I bring this up because Restoration Hardware is in the process of being sold to Catterton Partners of Greenwich, Connecticutt.  Sears Holdings, parent of Sears and Kmart, subsequently made an offer higher than the initial Catterton bid.  

What prompted the comparison to Norm Thompson was this information in the press release
Restoration Hardware reported revenues rose 10.6% in its third quarter from the comparable period last year because of its booming consumer-direct segment.
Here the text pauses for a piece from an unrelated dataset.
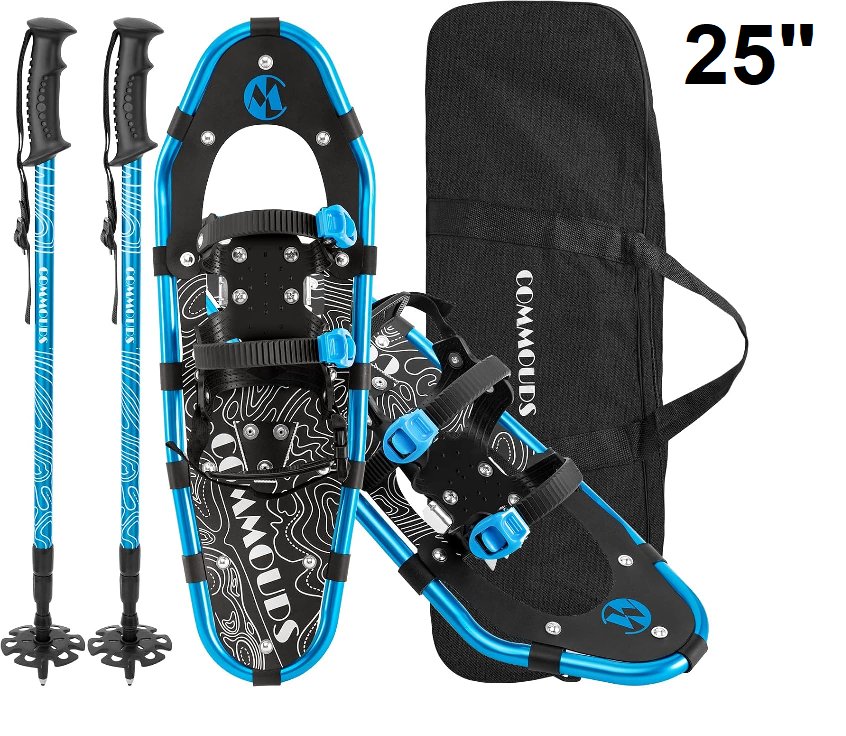 adult unisex commouds lightweight Aluminum All Terrain Snowshoes and pole set - 25" Up to 250lbs - black/blue

Revenues came to $173.7 million in the latest quarter, with $97.2 million in the direct-to-consumer segment, mainly from catalog sales, and $76.5 million from stores.
The article points out that Restoration Hardware lost over $12 Million in the third quarter and the net loss in the 39 weeks was $36.9 million, compared with a loss of $10.4 million in the previous year.

Restoration Hardware had successfully implemented an inline strategy,  but it was losing big sums of money somewhere.  It points out to me, one more time, the disparity between online sales versus brick and mortar.  Today, Amazon and eBay have combined sales of $20+ Million , yet the market value of the two companies is over $84 Million.  Macy’s and Sears (including K Mart) with over 5,000 stores in the U.S., have combined sales of $78+ Million and a combined market value of $ $29 Million.  Wall-Mart on its own has revenues over $370 Million and a market value of $227 Million.  Clearly, investment money has valued online retail higher, because that’s where the growth in sales is taking place.  However, it is extremely cut-throat!

Michel de Guilhermier wrote last year:
Let me just make a harsh statement : segment by segment, all things being otherwise equal, I believe that in most cases e-commerce will probably be less profitable than its brick & mortar counterpart.


A new book out this October may answer some of the questions about shopping online or in the mall.  Entitled Brick & Mortar Shopping in the 21st Century, the editor Tina Lowrey
...explores how traditional retailing operates in the new competitive environment of a combined e-tailing and brick and mortar marketplace.”  
I haven't read the book, but it may answer why people will get up at 4:30 AM to visit the mall on Black Friday and may tell us how safe we feel at the mall.